A classy poodle being socialized in Austin, TX. Source: Flickr user pooneh

“Socialization” is a popular buzzword among dog people. Most behavioral problems in dogs tend to be linked to their owner’s failure to “properly socialize” them. I’m inclined to believe that this may very well be the case. I imagine this is why so many people are talking about it.

I think about the challenges of socialization a lot, especially since we’re planning to adopt a young adult dog. I’m often afraid that it will be “too late” to socialize a dog that may have had its bad social skills reinforced. I’ve heard many people say this isn’t true, but I still get nervous about it. Is it extra-hard to socialize a dog when you’ve already missed that “critical socialization stage” in its youth? I try not to worry about it too much.

That said, we’re blessed to live in a very dog-friendly town and surrounding area.

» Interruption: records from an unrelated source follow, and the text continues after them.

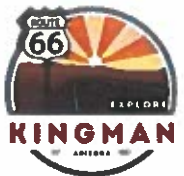
City of Kingman, Arizona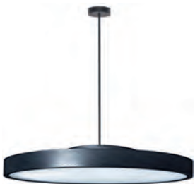
Standard pendant length: 1000mm Black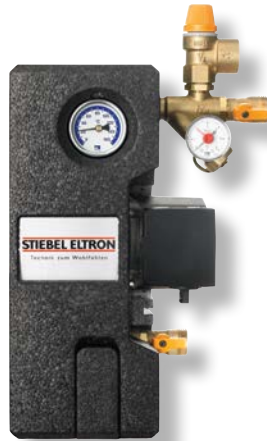
Flowstar Pump Station

Pump Station | Stiebel Eltron Pump Stations are specially designed for closed loop solar systems. The 3-speed Wilo circulator pump is designed to perfectly integrate with our SOM 6 Plus controller. Pump station piping is high grade brass. Pump stations come preassembled with a steel wall mounting bracket and feature 2 drain valves, brass check valves to prevent thermo-siphoning, integrated flow meter, and include fittings for tank mount as well as NPT adapters. The pump station can be completely isolated from the system, so no draining is necessary during servicing.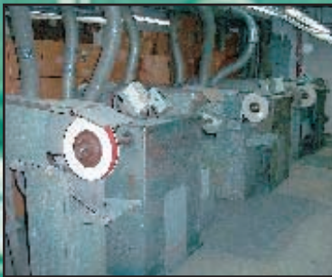
(7) ASSORTED DOUBLE-END BUFFER GRINDERS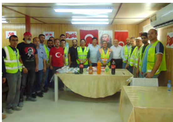
Nesma & Partners - KAHD, Riyadh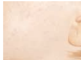
Figure 2—4 Weeks Post-treatment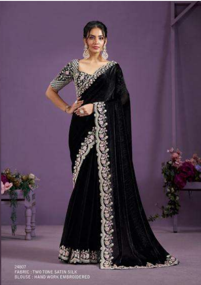
24807 FABRIC : TWO TONE SATIN SILK BLOUSE : HAND WORK EMBROIDERED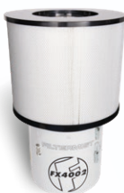
Neat oil solution kit FX4002 Part number: 20-244-30-007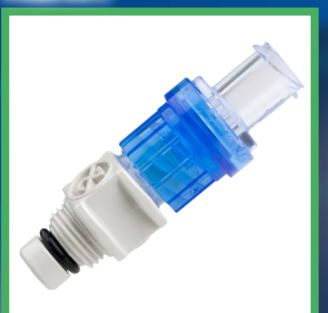
Torrent® scope connector for PENTAX scopes

My town has a pedestrian mall that welcomes dogs. Our city is filled with beautiful parks, including three off-leash dog parks, and is surrounded by the lovely Blue Ridge mountains and its many winding hiking trails. I want to take my dog everywhere, as much as this is possible. I want a dog who is calm, happy, and trustworthy in almost every situation, but I know that this takes a lot of time and patience.

While I’m waiting on our future dog, here’s a cursory list of all of the people and places that I’m planning on introducing him or her to:

  1. Old men.
  2. Old women.
  3. Men of all shapes and sizes.
  4. Women of all shapes and sizes.
  5. People wearing hats or masks.
  6. People in wheelchairs.
  7. Teenagers, who congregate freely on the pedestrian mall in large packs. They will not be difficult to find.
  8. Young children (ages 3 to 10). Start off with kids we know and can trust around the dog.
  9. Babies. Introduce from a safe distance at first.
  10. Homeless people on the downtown mall.
  11. Busking musicians on the streets.
  12. People of different races from Guion and myself.
  13. People on bicycles.
  14. People walking their dogs.
  15. Training class, which we will enroll in.
  16. Dogs on the downtown mall, which won’t be hard, because there always dozens and dozens of them.
  17. Dogs in the dog park.
  18. Cats! Is there any safe way to do this?
  19. Other small animals like rabbits, mice, guinea pigs. Echo concern on #16.
  20. Livestock, if at all possible.
  21. Riding in cars.
  22. Riding in a boat.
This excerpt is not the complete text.